Notably, while the Court granted declaratory relief, it also determined that a permanent injunction was not warranted, as the Hospitals failed to demonstrate irreparable harm—a necessary requirement for such relief. Rather, the District Court found vacatur to be the appropriate remedy as a less drastic measure to address the unlawful overreach of the Exclusion Rule. Thus, by vacating the Exclusion Rule, the decision restores the inclusion of UCC‑funded patient days in the Medicaid Fraction, potentially increasing DSH payments for qualifying hospitals.
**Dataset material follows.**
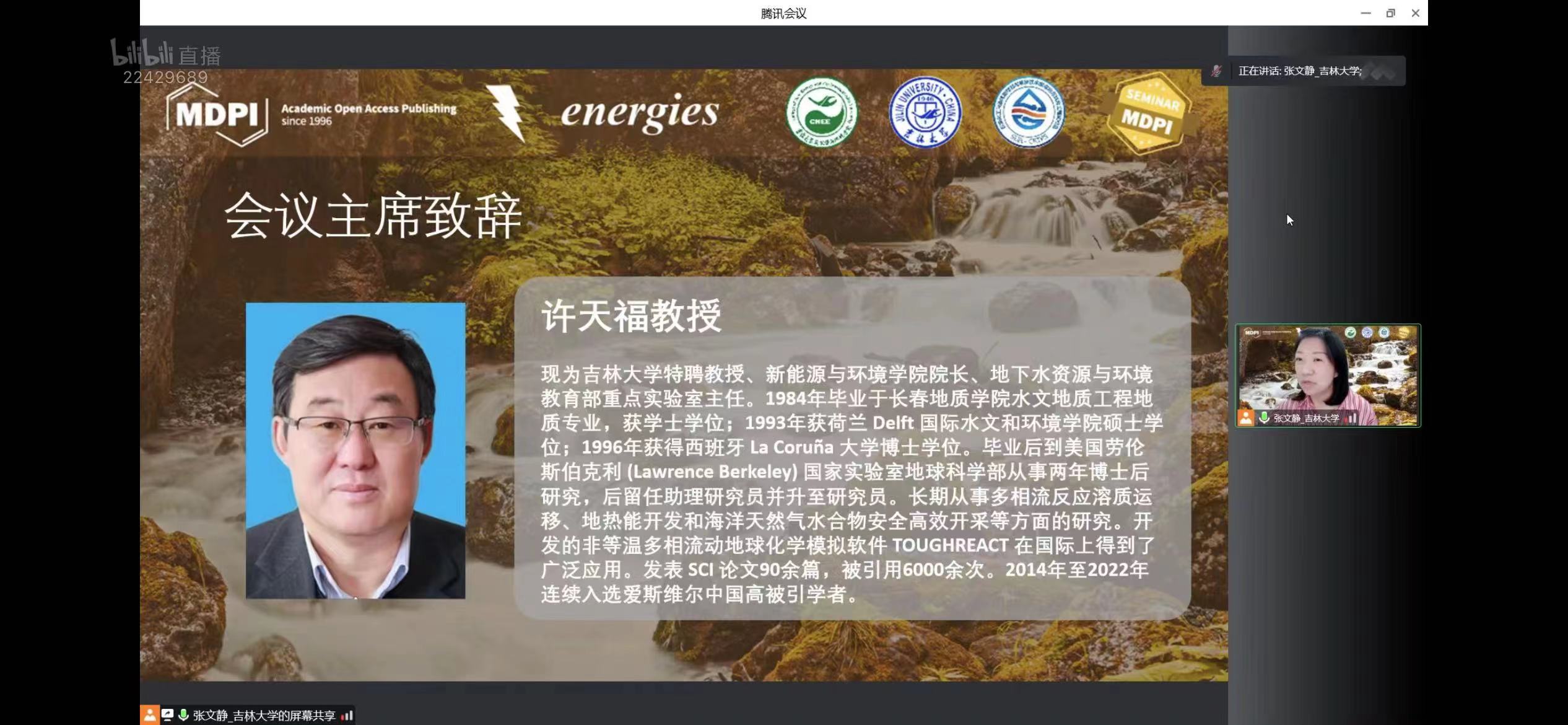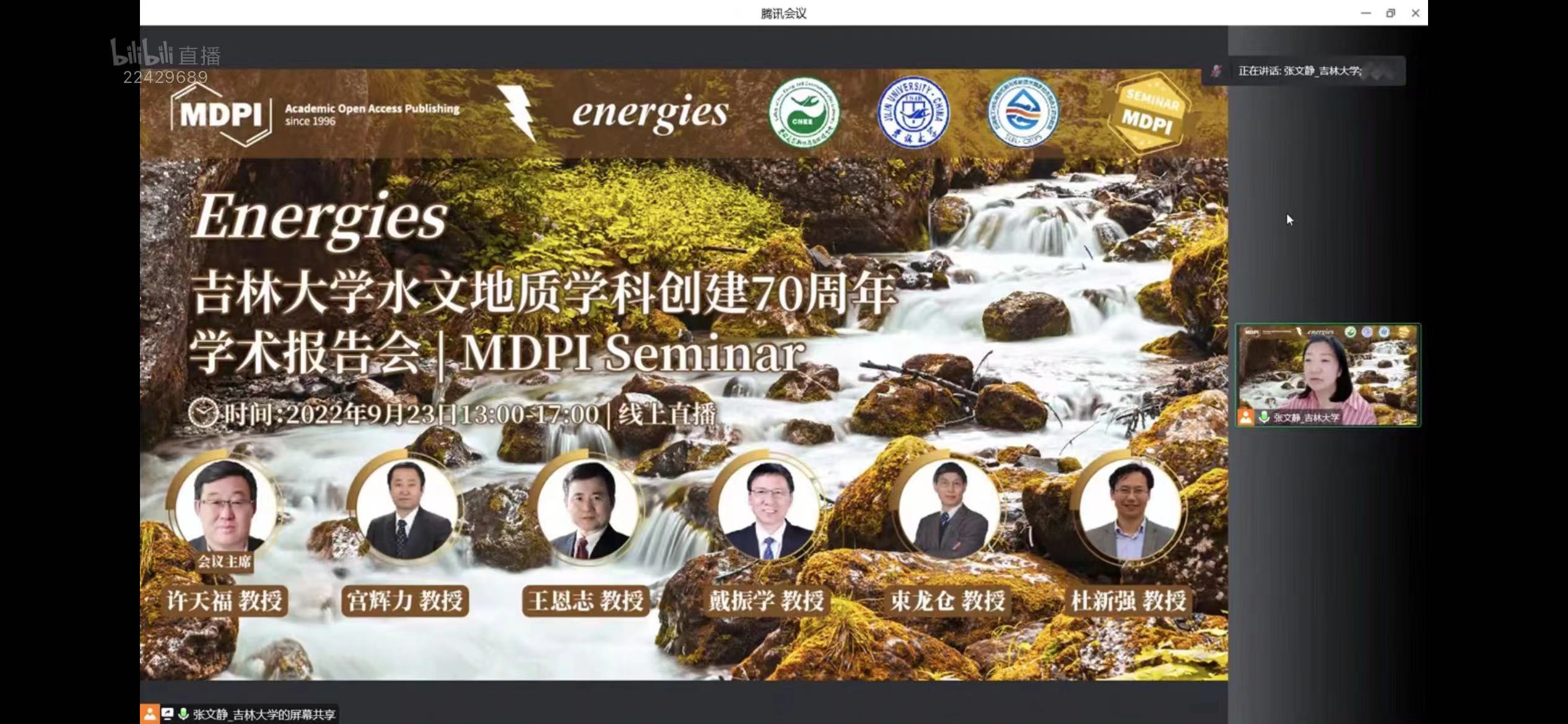 2022923日下午,bat365官网登录入口携手Energies 期刊通过MDPI线上直播平台举办了首场庆祝吉林大学水文地质学科(原长春地质学院水工系)创建70周年学术报告会。本次报告会由许天福院长担任会议主席,特别邀请:首都师范大学宫辉力教授、清华大学王恩志教授、吉林大学戴振学教授、河海大学束龙仓教授以及吉林大学杜新强教授,围绕水文地质学的相关研究进展为广大师生带来精彩纷呈的学术讲座。本次报告会由院长助理张文静教授主持,共吸引了MDPI多个直播平台相关领域专业观众累计超2万多人次的在线参与和观看。

What’s Next? Implications for Health Care Providers and Other Stakeholders Operating in Regulated Industries in a Post‑Chevron World

The District Court’s decision not only reaffirms the importance of statutory adherence in agency rulemaking, but also provides a significant glimpse into the evolving landscape of agency deference in a post‑Chevron world. Indeed, in the wake of the Supreme Court’s Loper Bright decision, the State of Texas has already hosted several cases reckoning with the deference owed to agency rulemaking. For example, on July 3, 2024, the same District Court that issued the Baylor opinion also issued a preliminary injunction staying enforcement of the Federal Trade Commission’s proposed final rule banning most noncompete agreements. Shortly after, the United States Court of Appeals for the Fifth Circuit affirmed the United States District Court for the Eastern District of Texas’s decision vacating key portions of regulations issued by the Biden Administration implementing the No Surprises Act.

Part of the reason these types of challenges may have seen such success in Texas is that the plaintiffs filing these challenges were already incorporated there, providing them with a natural forum for litigation. On the other hand, Texas may be evolving into a favored jurisdiction for litigants seeking to curtail agency authority, as the State is seen by some as having a judiciary (both at the district court and appellate levels) that is more receptive to arguments aimed at limiting agency authority. Future alerts will tell…

The foregoing notwithstanding, while the District Court’s ruling in the Baylor case marks a notable win for health care providers, the legal landscape pertaining to the Exclusion Rule remains dynamic and uncertain. HHS may appeal the decision or consider revising its regulation to align with the District Court’s interpretation. As the boundaries of agency authority continue to be tested, health care providers should stay vigilant and retain skilled counsel to help them adapt to further regulatory changes that could have significant financial implications.


[1] Seee.g.Forrest Gen. Hosp. v. Azar, 926 F.3d 221 (5th Cir. 2019) (clarifying that Medicaid Fraction includes hospital days of Medicaid‑eligible patients treated under certain HHS‑approved demonstration projects).